A SHMOOSE RNA expression in the temporal cortex of AD cases (red). Significance represented as pAdj < 0.05 following negative binomial regression on all normalized mitochondrial gene counts. B SHMOOSE expression in neurons derived from iPSCs with FAD APP mutation (light grey), FAD PSEN mutation (dark grey), and FAD APP plus PSEN mutations (red). SHMOOSE expression was highest in the latter cell type. Significance defined as pAdj < 0.05 following negative binomial regression on all normalized mitochondrial gene counts. C SHMOOSE-treated neural cells protects against amyloid beta 42-induced toxicity (grey). Significance defined as p value < 0.05 for independent t test.

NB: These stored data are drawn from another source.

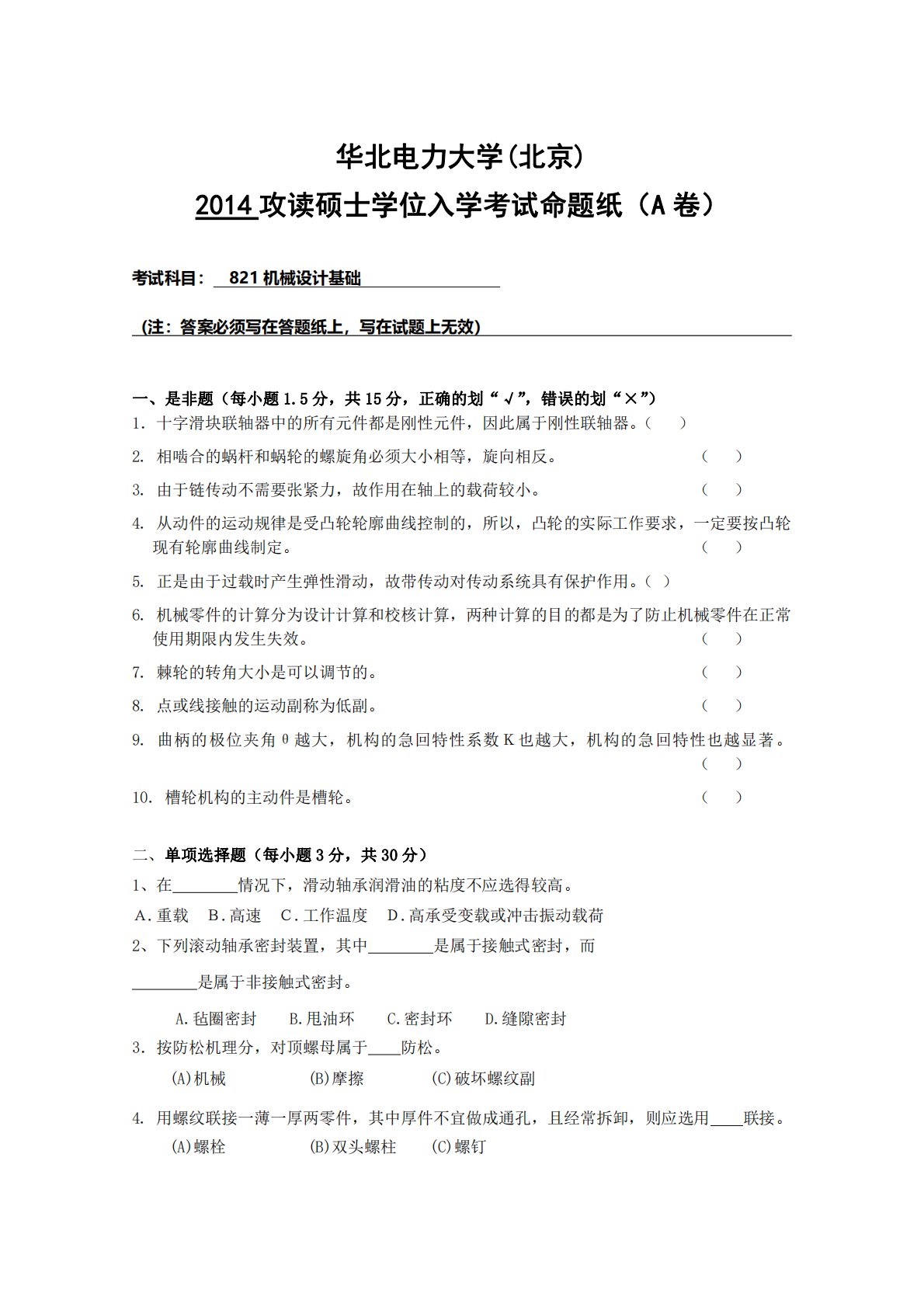 华北电力大学(北京)2014攻读硕士学位入学考试命题纸(A卷)考试科目:821机械设计基础(注:答案必须写在答题纸上,写在试题上无效)一、是非题(每小题1.5分,共15分,正确的划“√”,错误的划“×”)1.十字滑块联轴器中的所有元件都是刚性元件,因此属于刚性联轴器。()2.相啮合的蜗杆和蜗轮的螺旋角必须大小相等,旋向相反。()3.由于链传动不需要张紧力,故作用在轴上的载荷较小。()4.从动件的运动规律是受凸轮轮廓曲线控制的,所以,凸轮的实际工作要求,一定要按凸轮现有轮廓曲线制定。()5.正是由于过载时产生弹性滑动,故带传动对传动系统具有保护作用。()6.机械零件的计算分为设计计算和校核计算,...
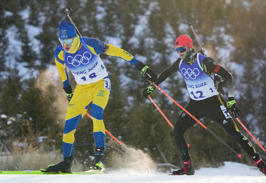 Martin Ponsiluoma (L) of Sweden and Benedikt Doll of Germany compete during biathlon men's 15km mass start of Beijing 2022 Winter Olympics at National Biathlon Centre in Zhangjiakou, north China's Hebei Province, Feb. 18, 2022. (Xinhua/Jiang Hongjing)
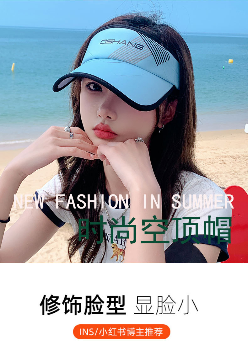 时尚空顶帽子夏季女士大沿防晒鸭舌遮阳帽户外休闲骑车沙滩棒球帽

Fig. 8.. Bulk gene expression differences between SHMOOSE and mutant D47N indicate altered function

Dark grey highlighting represents mitochondrial terms and light grey highlighting represents ribosomal terms. A Principal component analysis (PCA) of the in vitro gene expression signature for 10 uM SHMOOSE or SHMOOSE.D47N-treated neural cells after 24 hours. To the right of the PCA figure are GO cellular compartment terms enriched by SHMOOSE.D47N-treated neural cells, and the * indicates statistical significance following FDR. B PCA of the rat ICV gene expression signature for SHMOOSE or SHMOOSE.D47N after 24 hours. To the right of the PCA figure are GO cellular compartments that were nominally significant, and the + indicates nominal significance prior to FDR. C PCA for 14 SHMOOSE.D47N carriers (red) or 55 SHMOOSE reference allele carriers (grey). Dashed line represents the median value of PC2. Of the 14 SHMOOSE.D47N carriers, 11 fall below the median PC2 value (p value < 0.05; generalized linear model), which is represented by the red arrow at the center of the reference cluster. To the right of the PCA figure are GO cellular compartment terms significantly enriched by SHMOOSE.D47N carriers, and the * indicates statistical significance following FDR.